Mum and blogger, Esther Tan, debunks the myths of Instamoms – spoiler alert: it's not as glam as it seems...
It’s official. Instamoms have taken over our Instagram accounts. And seriously, what’s not to like? (Literally!) Cute chubby faces, little bodies stuck in adorable tiny outfits and baby kicks, charmingly decorated and spotlessly clean nurseries complete with sticker designs on their walls, not a toy or colour scheme out of place.
Even for people who aren’t parents, it’s probably hard not to creep on these perfectly curated images of a reality a non-parent might feel so far from. Just like how we would binge scroll through a Victoria’s Secret model’s page – it feeds our need for a crazy fantasy. At the same time, not knowing what their reality truly is like might create pitfalls for misconceptions.
As a Mom myself, I hope to clear up some common misconceptions about Instamoms, and hopefully shed a bit of light into our world as mothers in a modern world.
1. Once you have a kid, you instantly become an Instamom
Sorry to burst your bubble, but it isn’t that easy. It is true that once you have a baby, you immediately level up with Mama street cred. C’mon, carrying a human being to full term and birthing a living thing is possibly one of life’s greatest feats. But after that whole shebang, to be an actual Instamom takes a lot of time and effort and hashtags. This is not necessarily something all of us mothers have the time and energy for. Posting one or two pictures of our babies while we enjoy a moment’s peace on the toilet bowl is often the highlight of our day. We don’t do it for the gram, we do it for our sanity!
2. We post happy photos of our kids for likes and personal validation
Please don’t look upon us with scorn when we try to capture happy moments with our little ones to look back on. Don’t judge us when we rather not commemorate the massive poop explosions or embarrassing public meltdowns.
Yes, there are times when these snapshots might feature our faces with makeup on. But don’t you feel a little happier and more inclined to take a selfie when you have some eyeliner and blush on too? Now take that happiness and multiply it by about three or five times. That’s how happy we feel when we manage to slap on some face, with a hyper three year old breathing down our necks.
Most of the time, we really just want to share our joy with you. Many of my single friends would literally thank me for letting them have their daily dose of cuteness. If you don’t appreciate it, just swipe left and move on. We won’t take offence.
3. Looking at other Instamom accounts make us feel envious and competitive
Quite the contrary!
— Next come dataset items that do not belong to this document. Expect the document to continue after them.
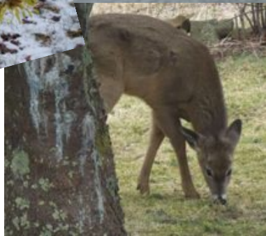
Dancing witch Hazel blossoms, Pheasant on snow, Skunk cabbage poking through, Deer searching for lunch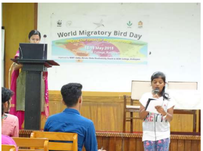
Presentation by participant students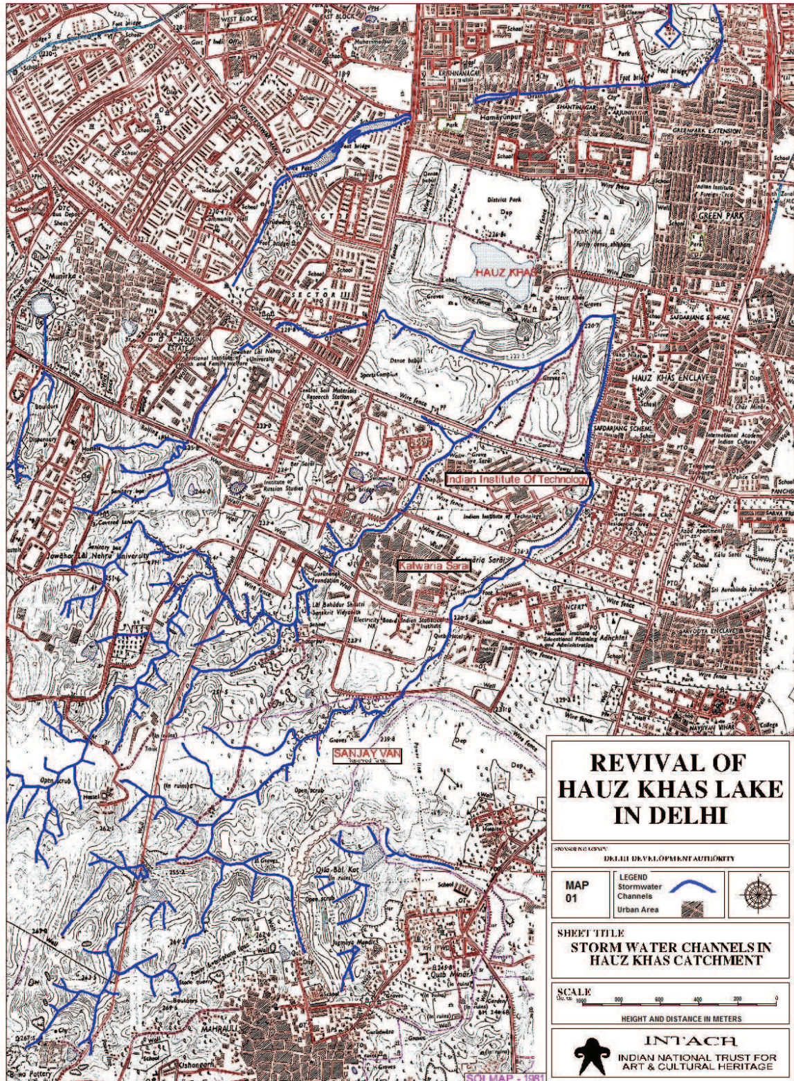
Map 1: Revivals of Hauz Khas lake in Delhi: storm water channels in Hauz Khas catchment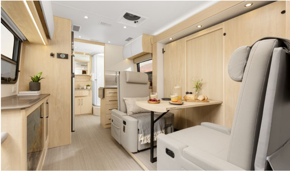
Sierra Maple Shown with Bianco White Fenix Glamour Upgrade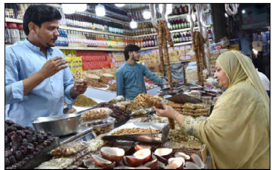
KARACHI: Woman selecting and purchasing dry fruit from ship before selling after change weather in Provincial Capital.

The Director General of FBR (Reforms and Automation) addressed participants, underscoring the need for a track and trace solution for the oil sector akin to systems already implemented in other industries.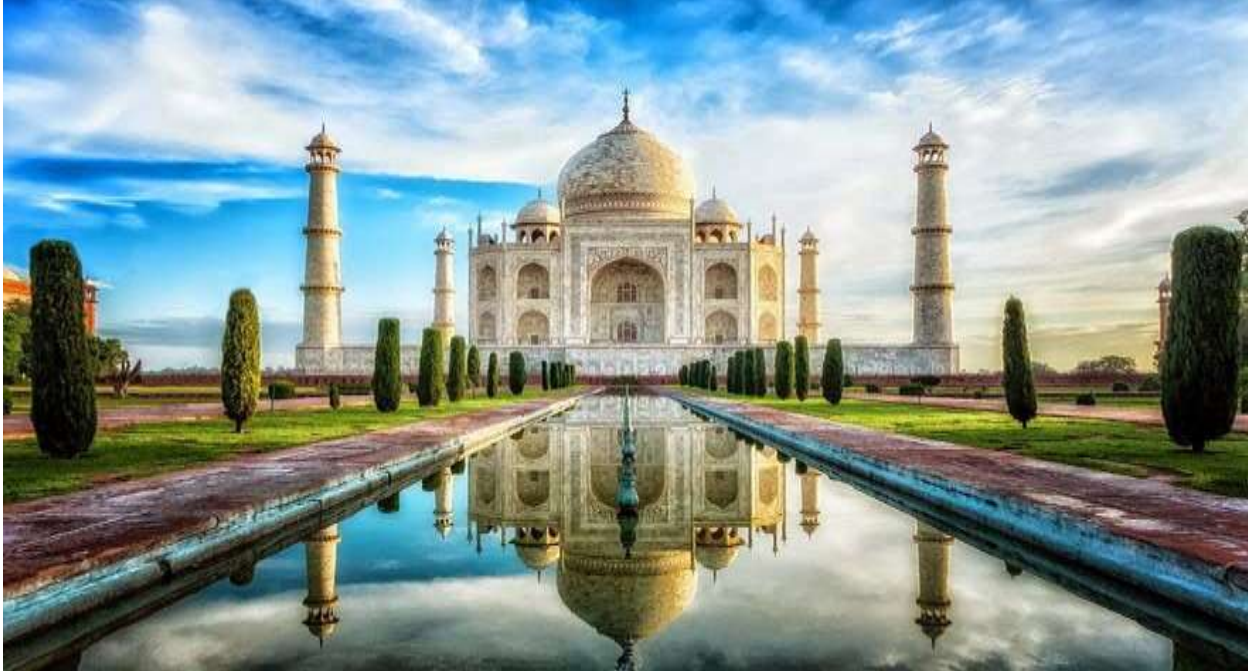
Figure 8. Agra. Taj mahal

The building shines silver in the morning. When the sun is setting, it takes on a golden color. Therefore, guides recommend tourists to visit the mausoleum in the morning or evening.

We know what being a real mom means, and we share our struggles and a common understanding. On Instagram and other social media platforms, we often look to other mothers for inspiration, knowledge and encouragement. We understand that sometimes, our posts and captions are more aspirational than anything. We all have our own image of motherhood in our heads that we want to live up to, just like how you have your own image of success that you aspire for.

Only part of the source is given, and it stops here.